**Exercise aim:** The answer must be an exact copy of the lines from the one with "재미있는 것은 영국이나" to the last line of the entries below, both included, and must contain no pictures.

**Dataset extract:**
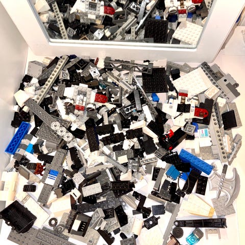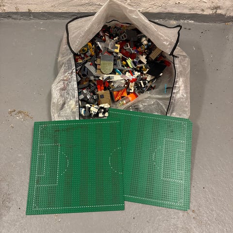 5 kg LEGO blandet klosser og baseplater selges billig pga flytting. Inneholder ulike typer LEGO-klosser i flere farger og størrelser, noen hjul og vogndeler, samt minst én minifigur/figur. Det følger også med grønne baseplater som kan brukes som underlag til bygging. Passer til fri bygging, konstruksjon av kjøretøy, bygninger og andre egne prosjekter med LEGO-klosser. Pent brukt. Det følger også med en oppbevaringsboks som passer til halloween, og bittelitt duplo. Må hentes på Nordstrand før onsdag 25.02.
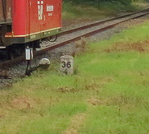 Beim genaueren Betrachten ist auch ein Kilometerstein zu erkennen.
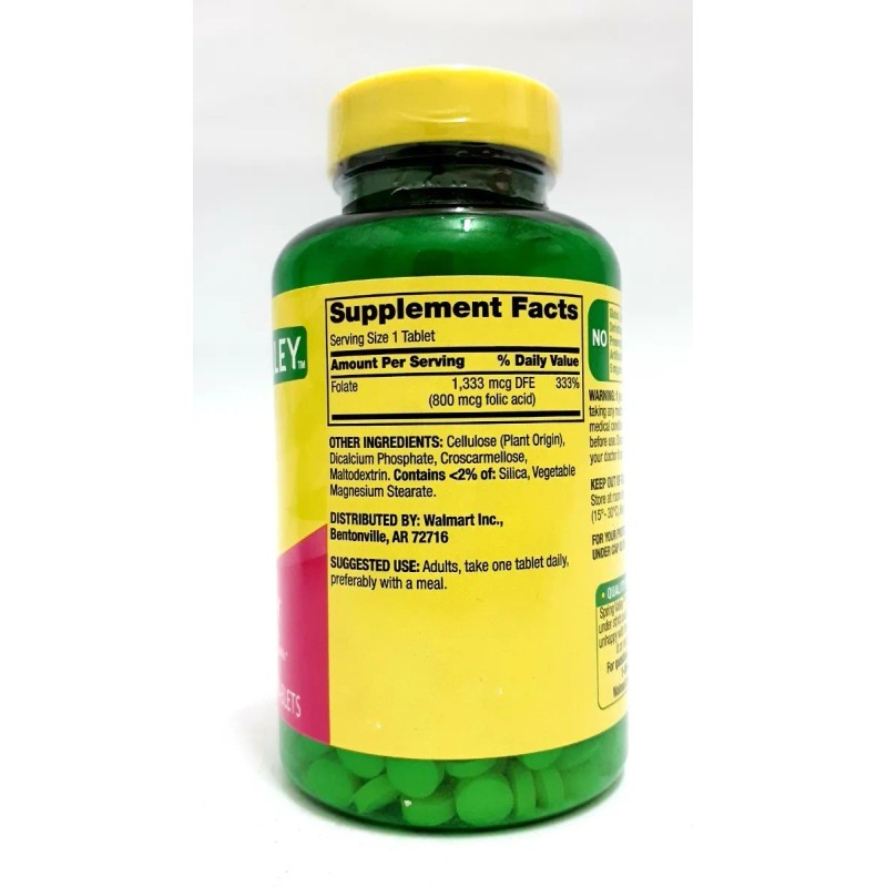 Ácido Fólico Premium Spring es un suplemento con 800 mcg de ácido fólico por tableta, en un frasco de 400 tabletas, vital para el desarrollo del feto y la salud de la mujer en la etapa prenatal.
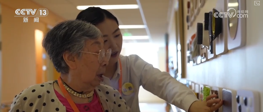 呂勤介紹,這面墻是多感官刺激撫觸類訓(xùn)練墻。通過一定頻次,規(guī)律去做一些感統(tǒng)訓(xùn)練的模式,減緩老人感官退化的速度。
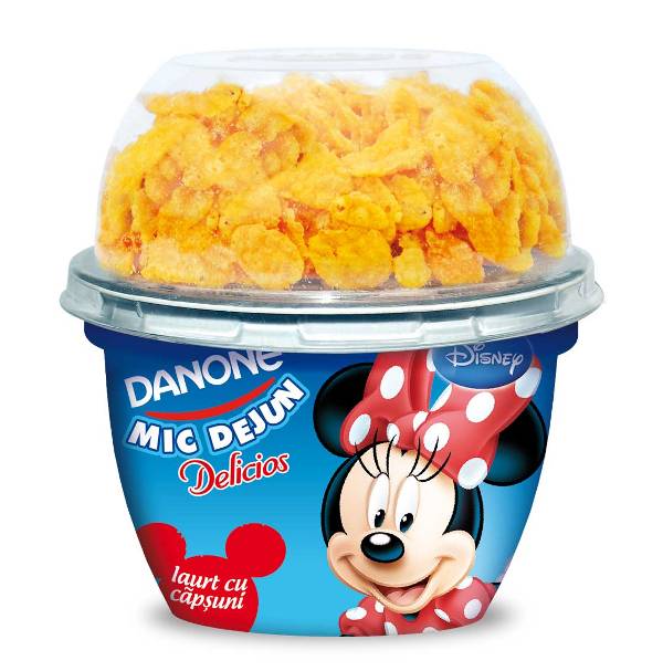 Gama include două sortimente de iaurt făcut din lapte de cea mai bună calitate de la fermierii români – iaurt alb și iaurt cu căpșuni, ambele cu fulgi de porumb. Cele două variante de iaurt se diferențiază printr-un ambalaj inspirat din personajele Disney (Minnie, Mickey, Daisy și Donald).
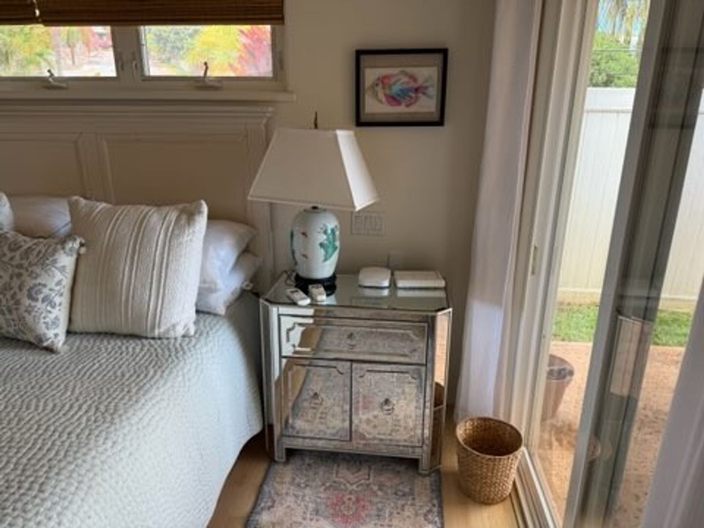 The cottage features all-new appliances, custom cabinetry, quartz countertops, LifeProof flooring, tile finishes, and energy-efficient lighting. Three split A/C units provide year-round comfort, while accordion glass doors open to the covered lanai, creating a seamless connection to the outdoors.
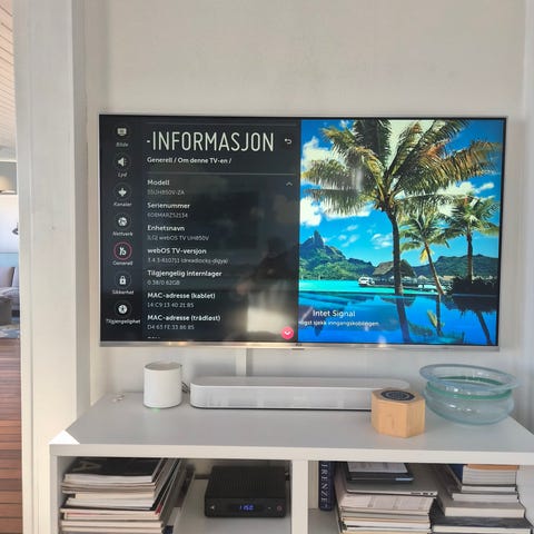 Vi er flyttet og har ikke lenger plass til denne TVen, den er pent brukt og ingen bruksmerker. Det er LG 55, modell 55UR8000GL7. Pris elkjøp.no 4487,- ( se bilde)
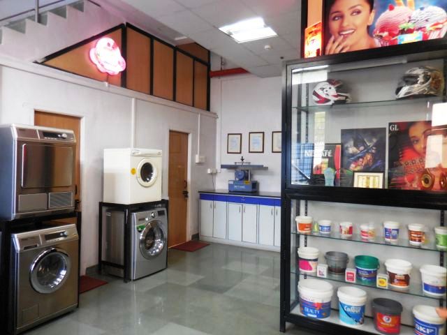 The print demo centre and testing facilities are about finding the optimum ink solution. Industrial washing machines can be seen, which are used to test inks on textile
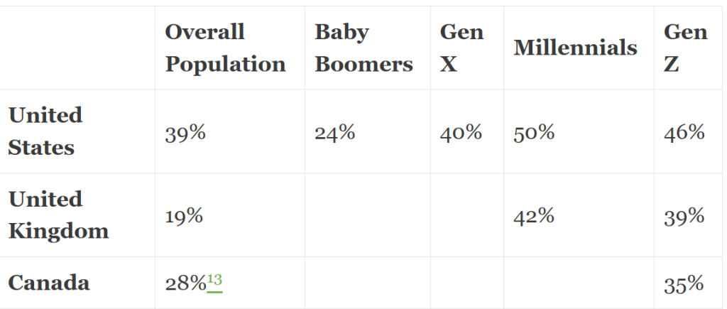 재미있는 것은 영국이나 캐나다와 달리 미국에서는 베이비붐 세대의 24%가 Side Hustle을 한다고 합니다. 이들은 이미 은퇴 연령에 도달한 세대인데도 말이죠. 그리고 젊은 세대로 갈수록 50%로 높아집니다. 그러니까 미래에는 점처 Side Hustle을 하는 사람들이 많아질 것으로 보입니다.
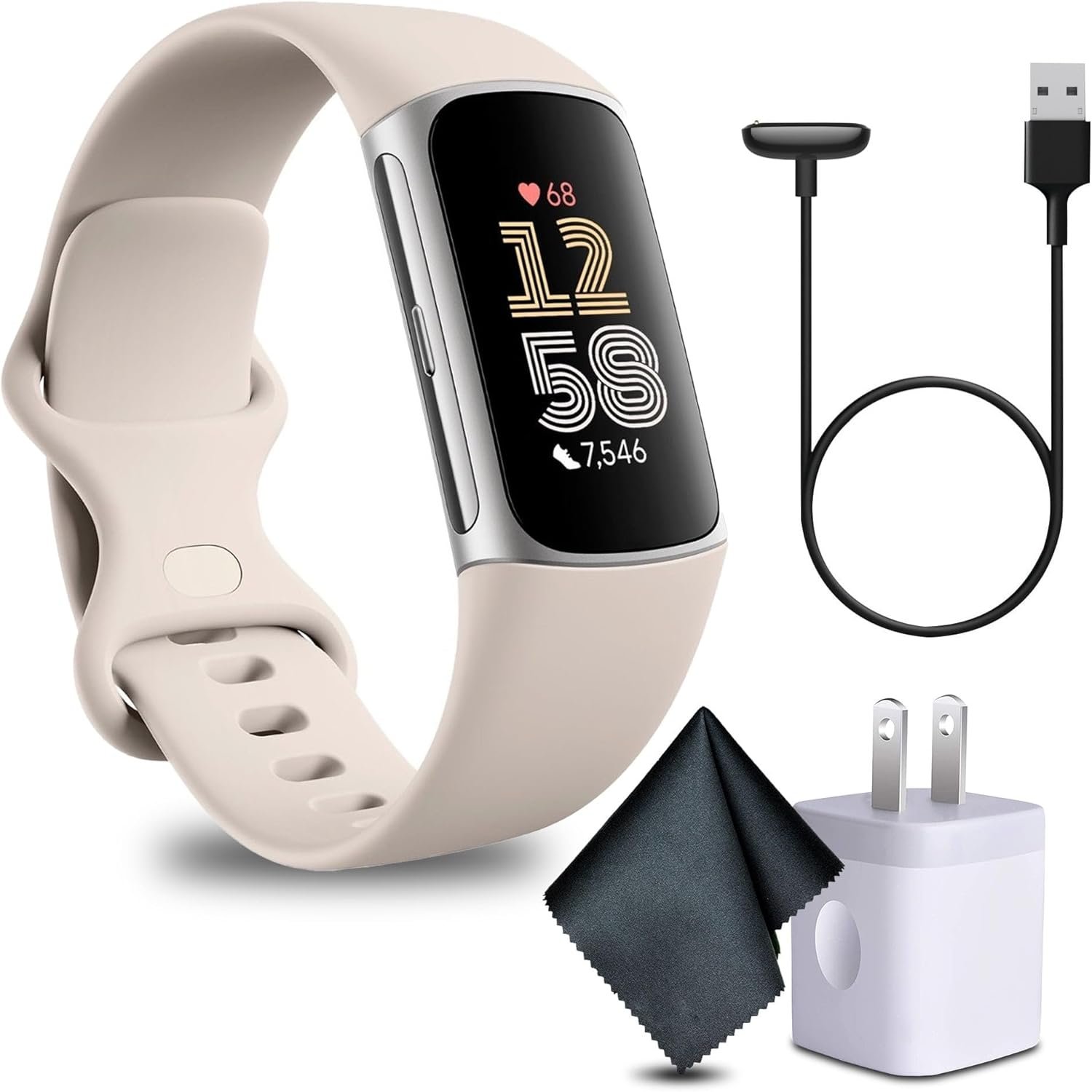 Bundle Includes: Fitbit – Charge 6 Advanced Fitness & Health Tracker Smartwatch- Porcelain + USB Charging Adapter + Diginerds Microfiber Cleaning Cloth

**Result:**
 재미있는 것은 영국이나 캐나다와 달리 미국에서는 베이비붐 세대의 24%가 Side Hustle을 한다고 합니다. 이들은 이미 은퇴 연령에 도달한 세대인데도 말이죠. 그리고 젊은 세대로 갈수록 50%로 높아집니다. 그러니까 미래에는 점처 Side Hustle을 하는 사람들이 많아질 것으로 보입니다.
 Bundle Includes: Fitbit – Charge 6 Advanced Fitness & Health Tracker Smartwatch- Porcelain + USB Charging Adapter + Diginerds Microfiber Cleaning Cloth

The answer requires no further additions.